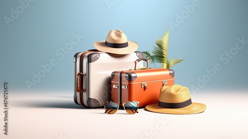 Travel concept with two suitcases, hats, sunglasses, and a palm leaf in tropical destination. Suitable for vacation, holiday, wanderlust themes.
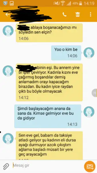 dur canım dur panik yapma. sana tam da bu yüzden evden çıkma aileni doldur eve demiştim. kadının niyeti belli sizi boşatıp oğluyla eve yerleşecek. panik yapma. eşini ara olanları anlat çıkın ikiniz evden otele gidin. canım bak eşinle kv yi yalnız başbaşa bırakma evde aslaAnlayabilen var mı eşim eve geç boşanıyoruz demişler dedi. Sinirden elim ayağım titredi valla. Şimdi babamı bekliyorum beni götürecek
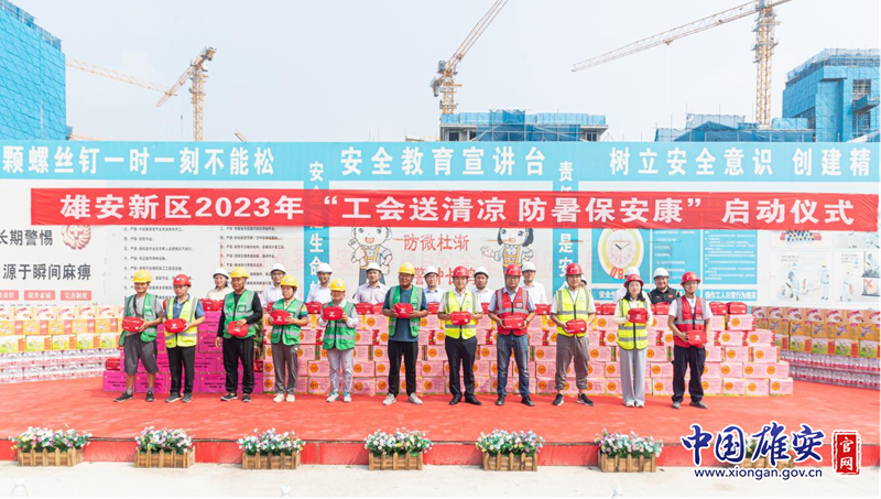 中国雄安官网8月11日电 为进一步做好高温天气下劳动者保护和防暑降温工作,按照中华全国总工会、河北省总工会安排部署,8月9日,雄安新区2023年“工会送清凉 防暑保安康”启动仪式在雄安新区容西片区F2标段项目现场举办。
--
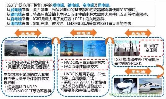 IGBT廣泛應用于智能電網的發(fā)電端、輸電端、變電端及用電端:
* * *
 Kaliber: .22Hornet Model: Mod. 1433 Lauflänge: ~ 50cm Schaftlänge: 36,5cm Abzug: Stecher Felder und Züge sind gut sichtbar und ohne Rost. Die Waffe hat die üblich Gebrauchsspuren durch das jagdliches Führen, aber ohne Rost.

__WHAT TO PRODUCE__
Print from the line containing "Travel concept with" through the line containing "dur canım dur" in the data above, exactly as the lines stand, and omit every picture.

__EXPECTED OUTPUT__
 Travel concept with two suitcases, hats, sunglasses, and a palm leaf in tropical destination. Suitable for vacation, holiday, wanderlust themes.
 dur canım dur panik yapma. sana tam da bu yüzden evden çıkma aileni doldur eve demiştim. kadının niyeti belli sizi boşatıp oğluyla eve yerleşecek. panik yapma. eşini ara olanları anlat çıkın ikiniz evden otele gidin. canım bak eşinle kv yi yalnız başbaşa bırakma evde aslaAnlayabilen var mı eşim eve geç boşanıyoruz demişler dedi. Sinirden elim ayağım titredi valla. Şimdi babamı bekliyorum beni götürecek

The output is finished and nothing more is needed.